4.3.2.3.   Caractéristiques  de  la  cause  métabolique  associée  au  CHC  en  Pf  

L’obésité et le diabète ont été validés dans plusieurs études comme des facteurs de risque indépendants de CHC, mais également comme des facteurs aggravants des maladies chroniques du foie d’autres étiologies : virus et alcool en particulier (43, 44, 102).

Dans notre étude, la cause métabolique (obésité et/ou diabète) apparaissait dans 14% des cas comme unique facteur de risque associé au CHC. Chez plus de la moitié des patients (52%) ces facteurs métaboliques étaient associés au VHB et/ou à une consommation chronique d’alcool : il s’agissait des associations de facteurs de risque les plus fréquemment observées, décrites dans

la littérature comme particulièrement à risque de survenue du CHC (36, 101, 103).Par ailleurs

22% des patients inclus dans l’étude présentaient à la fois une obésité et un diabète. L’association simultanée de ces 2 facteurs a été associée dans une étude cas-témoin à un sur-risque de CHC par rapport aux sujets non atteints, avec un odds ratio de 11,8 (102).

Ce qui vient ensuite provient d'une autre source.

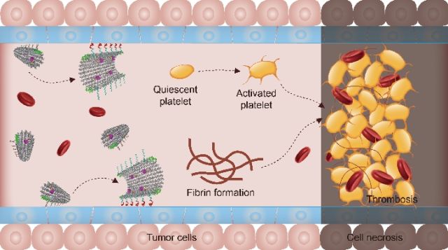 聶廣軍說,納米機器人被注射進體內(nèi)后,只有腫瘤才具有能打開“鎖”的“鑰匙”。“開鎖”后,“殺手”凝血酶被釋放出來,會召集來血小板、纖維蛋白原,幾個小時內(nèi)在腫瘤血管形成巨大血栓,切斷血液供應(yīng),從而“餓死”腫瘤。
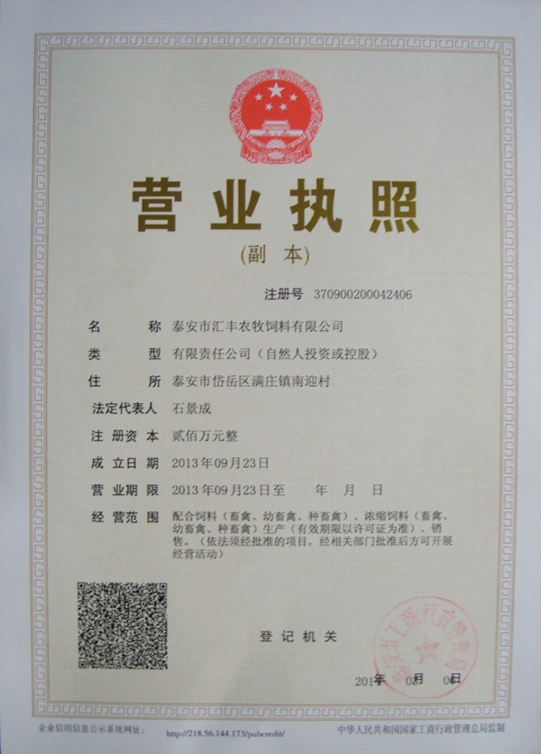 泰安市匯豐飼料有限公司 電話(huà):0538-5892001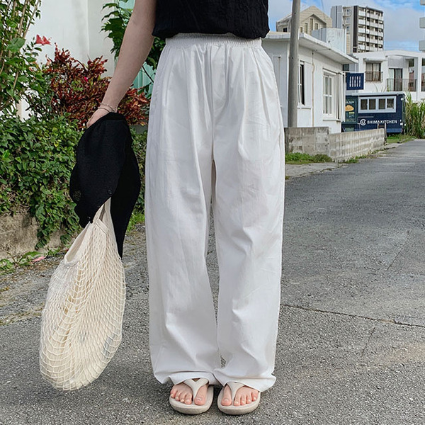 [3color/~XL] 하비 올밴딩 핀턱 와이드 면바지 일자 남녀공용 빅사이즈 코튼 팬츠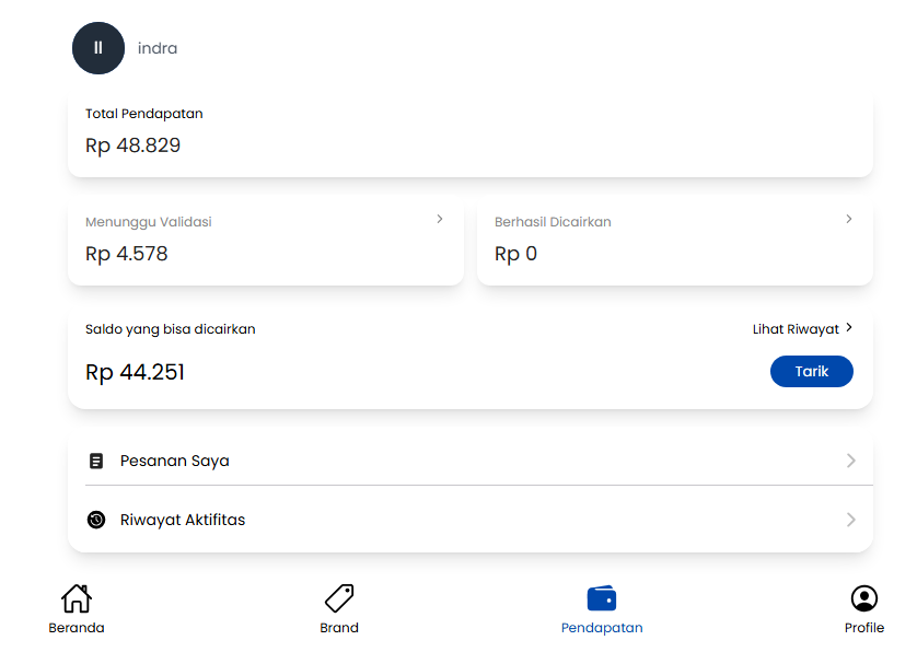 Buka halaman pendapatan.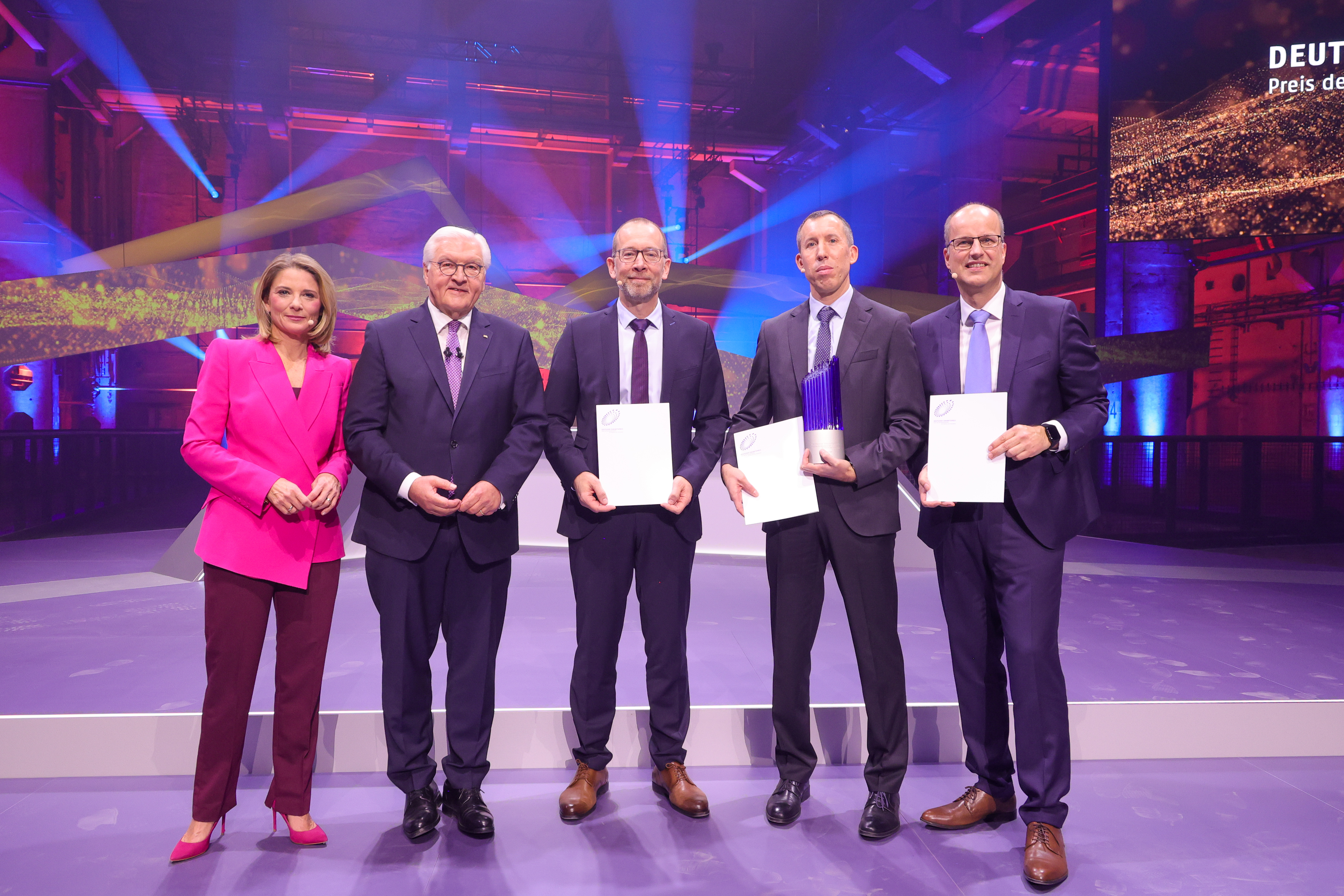Das Gewinnerteam mit dem Bundespräsidenten - Kai Weeber, Pierre Andrieu und Christoffer Uhr zusammen mit Bundespräsident Frank-Walter Steinmeier und ZDF-Moderatorin Yve Fehring nach der Preisverleihung. Mit der prämierten Lösung leistet Bosch einen wichtigen Beitrag zur Klimaneutralität im Güterverkehr.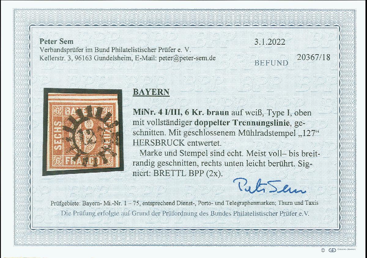| Zusatzinformationen und Suchstichworte: | 378. Auktion Heinrich Köhler 21.-26. März 2022 Los 7028 1849, 6 Kreuzer braunorange, oben mit vollständiger doppelter Trennungslinie, unten rechts kurz berührt, sonst voll-bis breitrandig und farbfrisch, sauber entwertet durch gMR "127" HERSBRUCK; seltenes Stück Stück in sonst tadelloser Erhaltung. Signiert Brettl BPP und Fotobefund Sem BPP (2022) Zuschlag 200,00 EUR |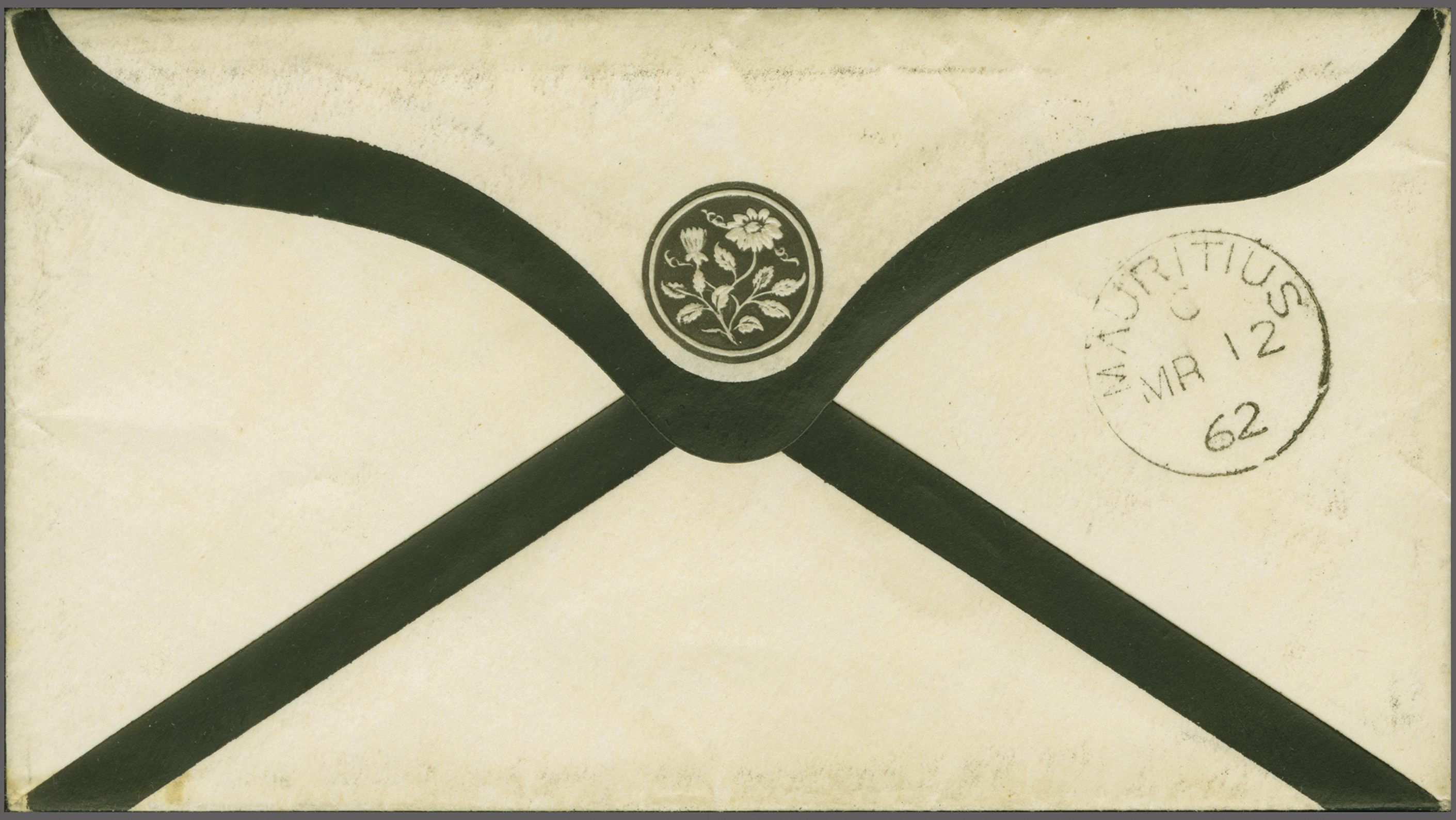 with "♚ / MAURITIUS / GPO" despatch cds (Jan 12) in black. The left stamp with repair to margin at upper left and the envelope restored but nevertheless of charming appearance (Image 1)

4.3.2.4.   Caractéristiques  de  la  consommation  d’alcool  associée  au  CHC  en  Pf  

La consommation d’alcool a été retrouvée comme facteur de risque unique de CHC dans seulement 8% des cas. L’alcool exerce un effet synergique en cas d’infection virale B ou C, d’obésité ou encore de diabète (33, 36). Dans notre étude, sa fréquente association à d’autres facteurs de risque majeurs de CHC (métabolique ou viral dans 42% des cas de notre étude), et l’absence de cirrhose dans près d’un tiers des cas, font évoquer un rôle indépendant de l’alcool probablement modéré en Pf, et sûrement bien moindre qu’en métropole. Et en effet à l’inverse, ce constat n’était pas vérifié parmi les 12 patients de notre étude qui étaient originaires de métropole, chez qui il était retrouvé une cirrhose associée à une consommation chronique d’alcool dans près de 100% des cas (parmi lesquels plus de la moitié étaient en plus atteints d’obésité, et un quart d’hépatite C).

4.3.2.5.   Autres  facteurs  de  risque  de  CHC  observés  dans  l’étude  

Un taux élevé de tabagisme était retrouvé dans notre étude (50% des cas). Dans plusieurs analyses de cohorte ou cas-témoins, le tabac est apparu comme un facteur favorisant la survenue du CHC (48, 104). Par ailleurs, certaines études suggèrent un effet synergique du tabac et de l’alcool sur le risque de cirrhose et de CHC (105). Cette co-intoxication était observée chez 30% des patients inclus dans notre étude.

L’hépatite C était très peu fréquemment associée au CHC en Pf, elle concernait en moyenne un nouveau cas de CHC tous les 2 ans. Les cas de CHC associés au VHC concernaient des patients qui pour la plupart n’étaient pas originaires de Pf : 2 étaient originaire des Philippines et du Cameroun (régions de haute endémie pour l’hépatite C) et 3 de France métropolitaine. Chez le patient originaire de Pf, l’infection virale était attribuée à un antécédent transfusionnel ancien. Malgré un nombre très important de valeurs manquantes, 11 cas familiaux de CHC ont été identifiés. Parmi eux, 4 patients (originaires de la presqu’île de Tahiti) appartenaient en fait à

la même famille, dans laquelle étaient identifiés au total 8 cas de CHC survenus sur 3 générations (4 cas diagnostiqués antérieurement à notre période d’étude). Un autre patient (originaire des îles Australes) appartenait également à une famille atteinte d’un grand nombre de cas de cancers primitifs du foie (9 cas identifiés sur 3 générations, dont 8 étaient antérieurs à 2008). Les arbres généalogiques de ces deux familles apparaissent en annexe 4. Le taux exact des cas familiaux de CHC n’a pas pu être déterminé dans notre étude du fait de sa nature rétrospective, cependant ces quelques cas apparaissent tous associés à une hépatite virale B, comme cela a pu déjà être décrit dans certaines études. Cette carcinogenèse accrue associée au VHB dans certaines familles pourrait faire évoquer des prédispositions génétiques particulières, une atteinte par des virus plus agressifs, ou encore de possibles expositions familiales à d’autres facteurs de risque majeurs de CHC (aflatoxine B1 par exemple).